MELVIN M. NEWLAND, MINISTER

RIDGE CHAPEL, KANSAS, OK

(Powerpoints used with this message are available for free. Just email me at mnewland@sstelco.com & request #347.)

TEXT: Luke 19:9-27; Ephesians 2:10; Psalm 2:2

A. In Luke 19:11-27 Jesus tells a familiar parable, & for that reason I hesitate because when you talk about something familiar, people tend not to listen. They think, "I already know all about that."

I've also learned from experience that what is said is not always what is heard. And that could be a problem, too.

ILL. That reminds me of an amazing story about Pres. Franklin Delano Roosevelt. It seems that he was often bored stiff by those long receiving lines at the White House. He was convinced that people really didn't listen to what was said when they went through those lines.

So on one occasion he decided to see if people really did listen to what he said. As people went by he said the same thing to each of them. He smiled graciously, shook their hand, & then said in a very kind way, "I murdered my grandmother this morning."

Amazingly, he received responses like, "Wonderful, Mr. President," "Keep up the good work, Mr. President," "We're praying for you, Mr. President."

Finally the Bolivian Ambassador came by, & actually did listen as FDR said, "I murdered my grandmother this morning." For a moment the Ambassador was taken aback. He stood there blinking his eyes, & then responded, "Well, she must have had it coming."

So sometimes people really do listen, & I hope you will join me this morning in considering again the Parable of the 10 Minas, or as it is called in some English translations, the Parable of the Pounds found in the 19th chapter of Luke.

B. Now please don't get this parable confused with the Parable of the Talents recorded in the gospel of Matthew. There are many similarities between the two parables, but there are also some real differences.

I'm not going to read this parable in its entirety because that would take too long, but please keep your Bibles open to this parable in Luke 19 because we'll be referring to it often.

Vs. 11 begins with, "While they were listening to this..." Jesus had just been discussing with His disciples what had happened at the house of Zaccheus. They had heard Jesus say to Zaccheus, "Today salvation has come to this house." (Luke 19:9)

They also heard Jesus say, "The Son of Man has come to seek & to save what was lost." (Luke 19:10) And as they were listening, Jesus shifts gears & begins to tell them this parable.

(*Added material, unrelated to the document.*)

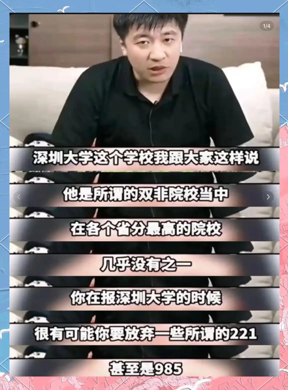 在直播中,张雪峰曾多次在直播中表达对深圳高等教育的肯定。谈到深圳大学时,他曾这样评价:“深圳大学是所谓的双非院校当中,在各个省份最高的院校,几乎没有之一。”针对部分家长对深大“非211、非985”的顾虑,他直言,深大每年毕业生进入华为、腾讯、比亚迪等知名企业的人数可观,“这个学校报了不吃亏,报了不上当。”
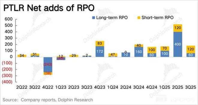 三季度 Palantir 剩余合同额 26 亿美元,环比仅净增加了 1.8 亿,明显弱于上季度。

C. There are two reasons given in vs. 11 for the telling of this parable which indicate that Jesus is teaching a very important lesson here.

1. First of all, in vs. 11, Luke says that Jesus told the parable "because He was near Jerusalem."

Jesus knew that as soon as He entered Jerusalem all the frenzied events of the last week of His life would begin. So before that happened, Jesus took this last opportunity to teach them a very important lesson.

2. Vs. 11 also says that Jesus told them this parable because "the people thought that the kingdom of God was going to appear at once."

D. So He tells this parable to teach them about the kingdom of God. And it is clear that in this parable the King represents Jesus, Himself.

1. First of all, Jesus teaches them that the Kingdom of God is not coming right now. There are several things that must happen first.

You see, the apostles were convinced that once they entered Jerusalem, that the wonderful kingdom they had been dreaming about would become reality. They were sure that would happen.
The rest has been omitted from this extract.